Я посмотрела на его машину.
— У тебя теперь навигатор? — поинтересовалась я.
— Да, Лиз установила. Но я его не включаю. Обычно я вроде знаю, куда надо ехать.
Он снова повернулся к парому.
— Где у него эти тросы, как думаешь? — спросил он.
Я подошла поближе, и мы оба перегнулись через ограждение. Наши локти разделяло как минимум четыре слоя одежды и два дюйма воздуха.
— Видимо, где-то внизу. Наверное, протянуты под днищем.
— Я слышал, как однажды паром, перевозивший целое стадо коров, пошел ко дну. Так коровы сами поплыли и выбрались на берег. — Он задумался. — Это не ты мне рассказывала?

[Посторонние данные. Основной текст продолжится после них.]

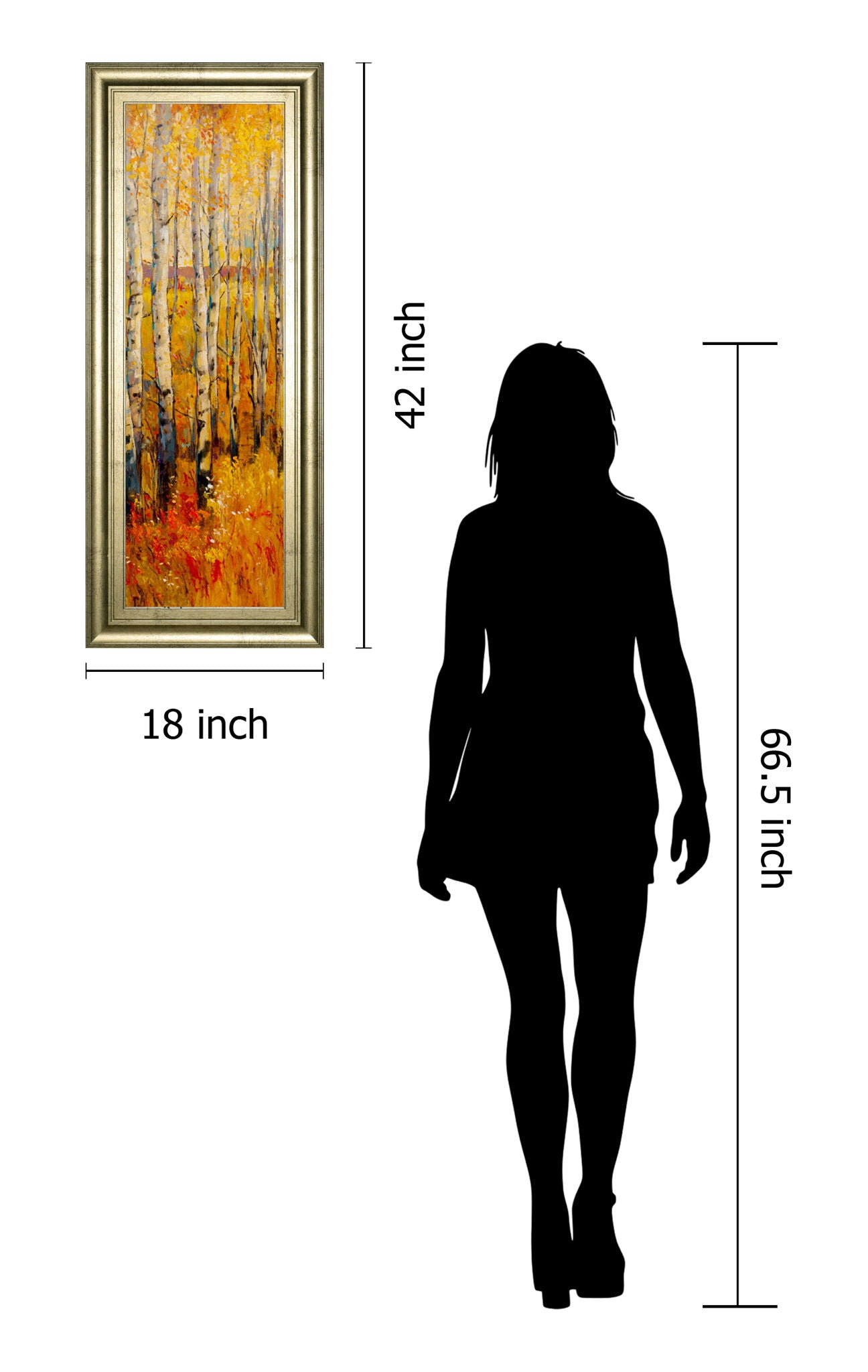 Step into a golden autumn forest with this captivating artwork that celebrates the vibrant spirit of fall. The scene bursts with warm yellows, fiery oranges, and subtle reds, evoking the peaceful beauty of birch trees in their seasonal splendor. Housed in a crisp chardonnay frame with premium real glass, this mixed media piece blends expert craftsmanship and contemporary style, making it a striking focal point for any living room, bedroom, or office. Ready to hang and proudly made in the USA, it brings the serene energy of nature indoors, transforming your space with the rich colors and textures of a vivid birch grove.

— Я. А еще однажды в восьмидесятых тросы лопнули, и паром понесло по реке. То же самое произошло в прошлом году, но тогда, в первый раз, все было гораздо хуже. Паром снес штук двенадцать яхт. А еще на нем находилась машина скорой помощи, в которой везли женщину в больницу на другой берег: из-за аварии женщина умерла. Говорят, в грозовые ночи на пароме виднеются едва различимые очертания скорой и слышны слабеющие крики больной.
Роуэн побледнел.
— Боже, — сказал он. — Какой ужас.
— Да. Но я уверена, что тут далеко не все правда. Мне все это рассказывали Либби и Боб, потому что они, всегда здесь жили. Я-то приехала только пять лет назад.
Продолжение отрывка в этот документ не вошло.